Before applying for a permanent identifier in CyVerse Curated Data through the Data Commons, answer the following series of questions.
Question 1: Do you have a CyVerse account?
- Are you a registered CyVerse user? If not, register at user.cyverse.org.
- If so, have you used the Discovery Environment (DE)?
- The tools for submitting data to Data Commons Curated Data are simple to use and available as part of the DE. At a minimum, you should be able to upload and organize your data using the DE or iCommands, and be able to apply a metadata template.
Question 2: Is your data ready for publication?
- Is the dataset complete, stable, and ready for public consumption?
- Are you and all contributors to the dataset prepared to move the data into the public domain (meaning that anyone can access and use the data for any purpose, including commercial purposes)?

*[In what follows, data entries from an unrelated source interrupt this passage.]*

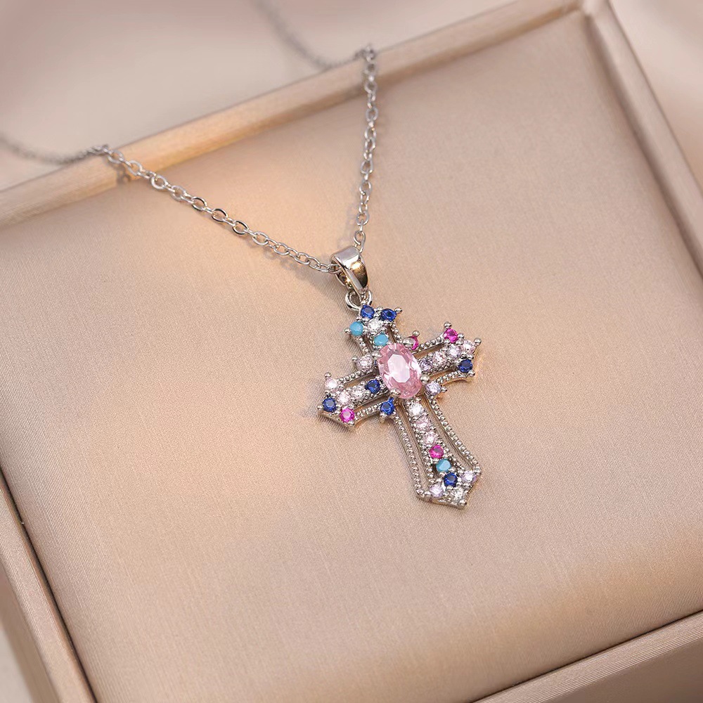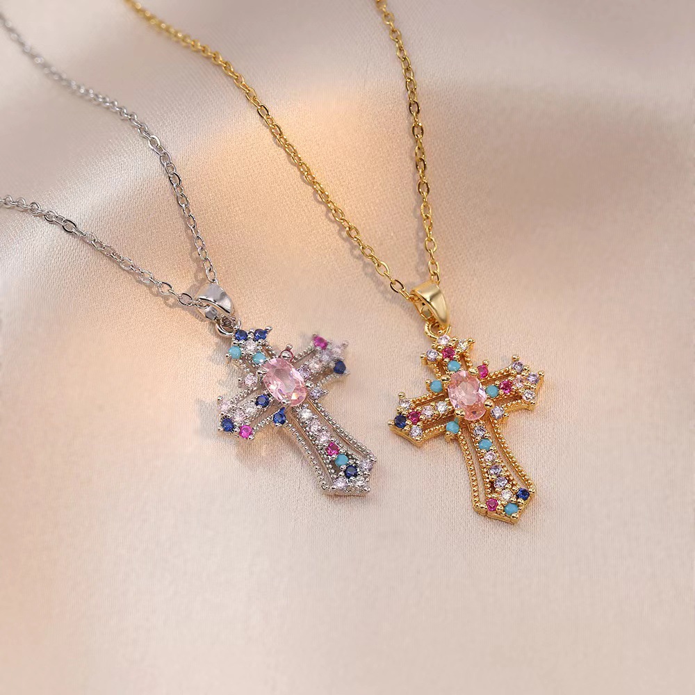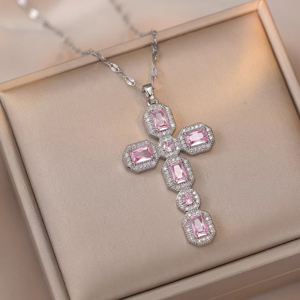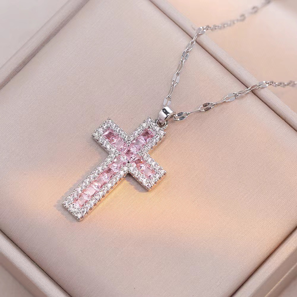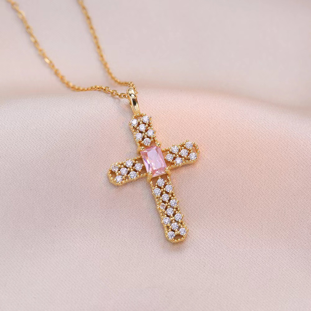 x2563 pink cross zircon necklace
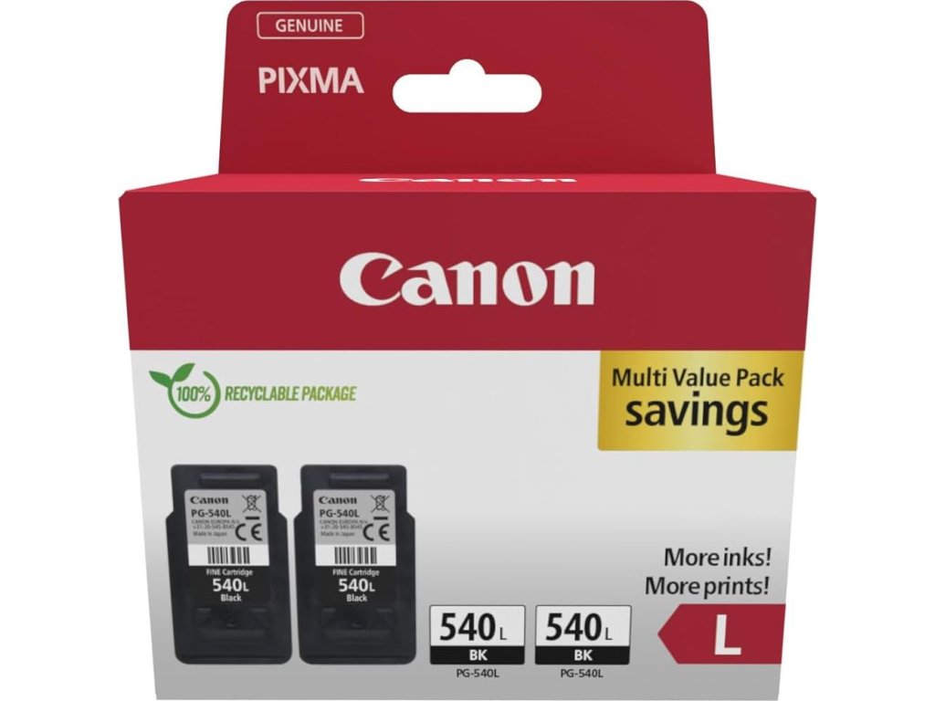 Originální inkoustové kazety Canon PG-540L (2 x černá) s vysokou výtěžností – kartonové dvojité balení
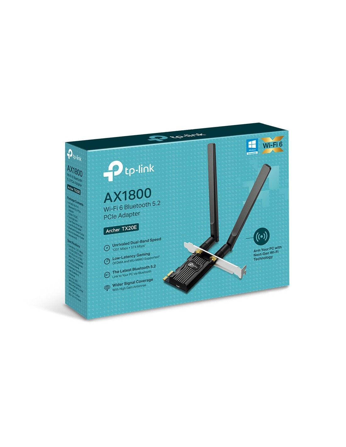 TP-Link Archer TX20E. Interno. Tecnologia di connessione: Wireless, Interfaccia host: PCI Express, Interfaccia: WLAN / Bluetooth. Velocità massima di trasferimento dati: 1800 Mbit/s, Wi-Fi standard: Wi-Fi 6 (802.11ax), Banda Wi-Fi: Dual-band (2.4 GHz/5 GHz). Colore del prodotto: Nero
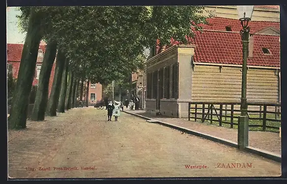 AK Zaandam, Westzijde, Strassenpartie mit Kindern
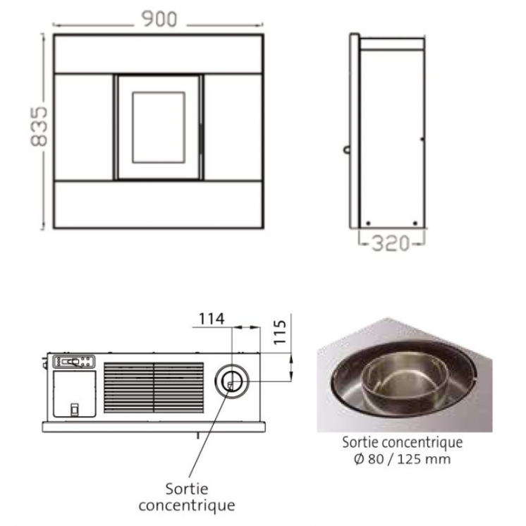 La sortie concentrique sur le dessus de diamètre 80/125 mm permet de mettre le poêle contre le mur (avec un mur anti feu ou plaque de protection) et assure une installation parfaitement esthétique.
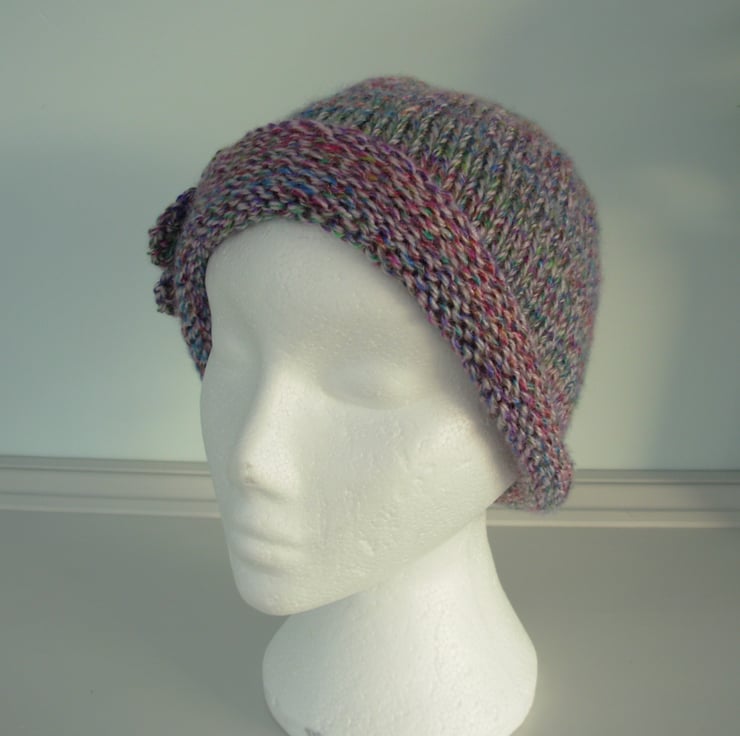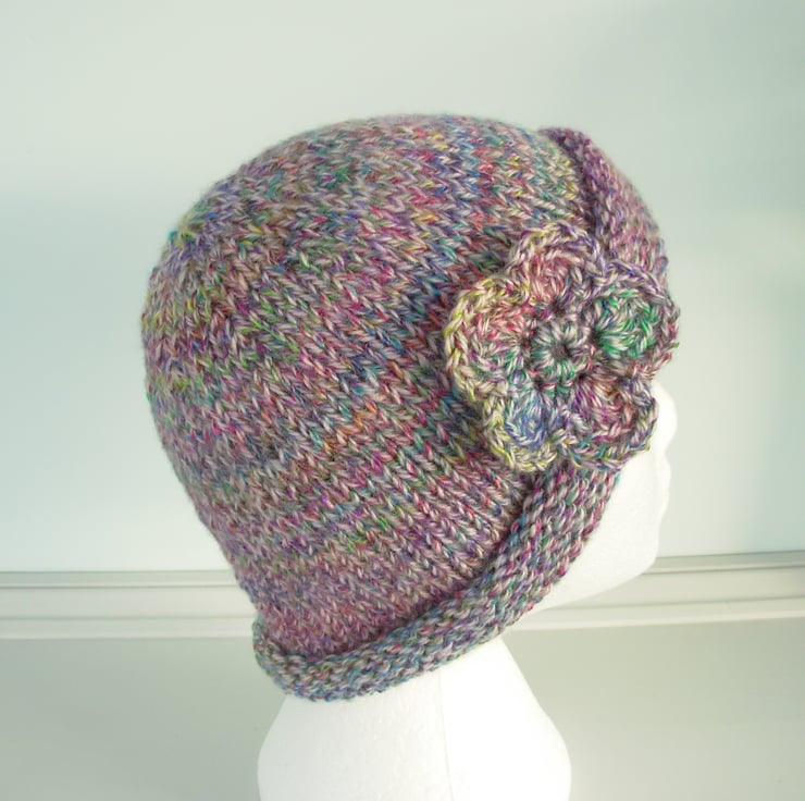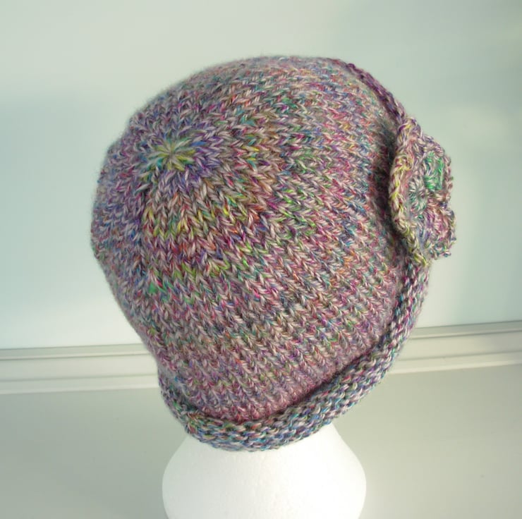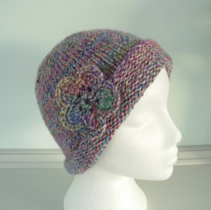 I've knitted this adults beanie hat in Wendy Festival chunky acrylic yarn and finished it with a crochet flower on the side.

Have you sufficiently documented how the data was created such that other scientists in your field will be able to reuse it? - If there is a standard or commonly used format for your datatype, is your data in that format? If no standard exists, is your data in a format that can be easily used by most people with open source software (e.g., tables as a CSV or text file, rather than a Microsoft Excel spreadsheet)? - Is your data organized in a clear and reasonable structure that others will be able to understand? - If you answered no to any of these questions, your dataset is not yet ready for a permanent identifier through Data Commons Curated Data. Please continue to work on your dataset until it meets these requirements. Data will be reviewed by a curator to ensure that it meets these requirements.
If you would like to make your data public, but it is not complete and/or stable, you may request data hosting in the Data Commons.
Question 3: Is your data suitable for reuse in scientific analyses?
- Is your data of the type and format that allow it to be reused in other analyses?
- Are you prepared to supply metadata for your dataset?
- Does your dataset or metadata include sufficient instructions (e.g., a Readme file) such that someone in your field can understand how to reuse the data?
Question 4: Is there a canonical repository for your data?
- Does a canonical repository exist for your data? Examples include NCBI, EBI, and MG-RAST.
- If a canonical repository exists, you should use it. CyVerse is there to help fill a gap, not replace an existing resource.
If you answered No
- If you answered no to any of these questions, your data may be suitable for a DOI, but not through Data Commons Curated Data. You should consider other repositories that are not geared specifically toward data analysis, such as your institution's library, Dryad, or Figshares.
If your data was generated by or input for an analysis algorithm or software that you developed yourself, please consider making the method available through CyVerse infrastructure (e.g., the Discovery Environment or Atmosphere) as well.